Russian economist, editor and state official

Vladimir Pavlovich Bezobrazov (Владимир Павлович Безобразов; 15 January 1828 – 29 August 1889) was one of the leading Russian economists of the 19th century; he was also a state official, magazine editor, publicist and lecturer. He wrote numerous essays and articles, mostly on political economy, the banking system, law, and finance.

== Early life ==
Bezobrazov was born in Vladimir, into an old noble Bezobrazov family. He was the son of Paul Nikolaevich Bezobrazov (1787–1852) and his wife, Elizaveta Pavlovna Poltoratskaya (1798–1888).

== Biography ==
Bezobrazov was a member of the Saint Petersburg Academy of Sciences from 1864. In the 1860s he edited the Ministry of State Properties Magazine, and later the Geographical Society Herald. As a Ministry of Finance official, he took active part in organizing and monitoring Russian regional bank system. In the 1860s, at the height of the Alexander II-induced reforms, he became one of the initiators and leaders of the Russian Geographical Society's Political and Economical committee. In 1868 Bezobrazov was elected the Moscow Governorate's glasny; in 1885 he became a member of the Russian Senate.

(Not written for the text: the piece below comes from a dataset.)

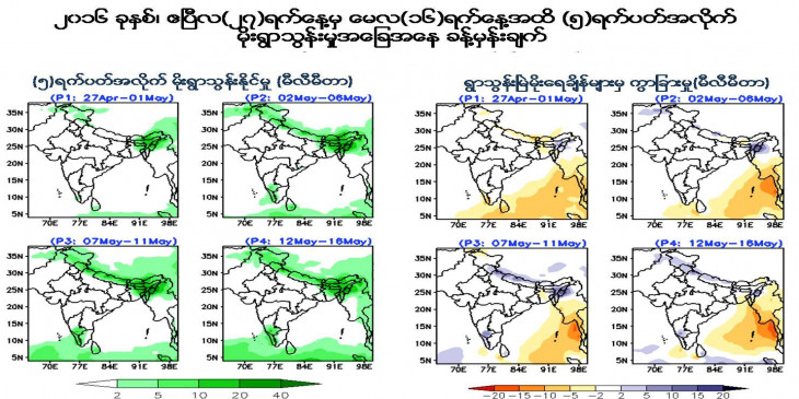 ဧၿပီ ၂၇ ရက္ကေန ေမလလယ္အထိ ကခ်င္ျပည္နယ္၊ ရွမ္းျပည္နယ္နဲ႔ စစ္ကိုင္းတိုင္းေဒသႀကီး (အထက္ပိုင္း)တို႔မွာ မိုးထစ္ခ်ဳန္း ရြာသြန္းႏိုင္ၿပီး ကခ်င္နဲ႔ စစ္ကိုင္းအထက္မွာ မိုးပိုႏိုင္တယ္လို႔ မိုးေလ၀သဌာနက သတင္းထုတ္ပါတယ္။

He taught political economy and financial law at the Alexandrovsky Lyceum and in the 1870s tutored four members of the Russian monarch's family, Grand Dukes Alexey Alexandrovich, Nikolai Konstantinovich, Sergey Alexandrovich, and Konstantin Konstantinovich.

In 1873 Bezobrazov, part of the team of eleven renowned lawyers, co-founded the Institut de Droit International in Ghent. The same year he started publishing the Russian Knowledge Anthology (Сборник государственных знаний), featuring articles and essays by leading Russian economists and lawyers.

He died on 29 August 1889 in Noskovo, Moscow Governorate.